Déclaration de M. Edouard Balladur, Premier ministre, sur le bilan de son action, sa méthode, la mise en oeuvre du programme de réformes pour la législature notamment en matière de lutte contre l'exclusion, Colmar le 23 septembre 1994.

Prononcé le

Intervenant(s) : 

Circonstance : Journées parlementaires du RPR, Colmar les 22 et 23 septembre 1994

Texte intégral

Heureux de me retrouver parmi vous. Nos convictions communes.

C'est une réunion importante : la dernière avant l'élection présidentielle, qui sera l'occasion de rendre compte au pays de l'œuvre accomplie, et de lui soumettre un projet qui tienne compte des résultats obtenus et prolonge les perspectives de notre action jusqu'à la fin du siècle.

Nous avons gagné en 1993.
  
Ensemble nous avons établi un programme de réformes pour la législature.

Nous l'avons mis en œuvre pendant deux ans. Déjà, la plupart des réformes sont accomplies.

Aujourd'hui, il faut faire le point :

– qu'avons-nous fait ?
– que reste-t-il à faire ?
– quelles nouvelles perspectives pour notre action ?

Quelle était la situation en 1993 ?

La pire depuis la guerre :

Déficit budgétaire de 340 milliards de francs, soit trois fois et demi celui que nous laissions en 1988.

Déficits sociaux explosifs :

– les retraites n'étaient plus garanties ;
– les contrats emplois solidarité n'étaient plus financés ;
– les dépenses de santé échappaient à tout contrôle.

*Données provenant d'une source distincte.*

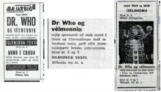 Listings for Peter Cushing movies in Iceland (from http://timarit.is/search_init.jsp?q=%22dr+who%22&lang=is&advanced=&pubId=-1&date_from=01.01.1960&date_to=31.12.1969&orderby=score&start=20&more=0)

La délinquance et l'insécurité se développaient rapidement.
  
L'immigration n'était pas réellement contrôlée.

Au-delà des chiffres, c'est le climat moral lui-même de notre pays qui s‘alourdissait.

Le chômage. Un jeune, arrivé aujourd'hui à l'âge adulte, a toujours entendu parler de la progression du chômage.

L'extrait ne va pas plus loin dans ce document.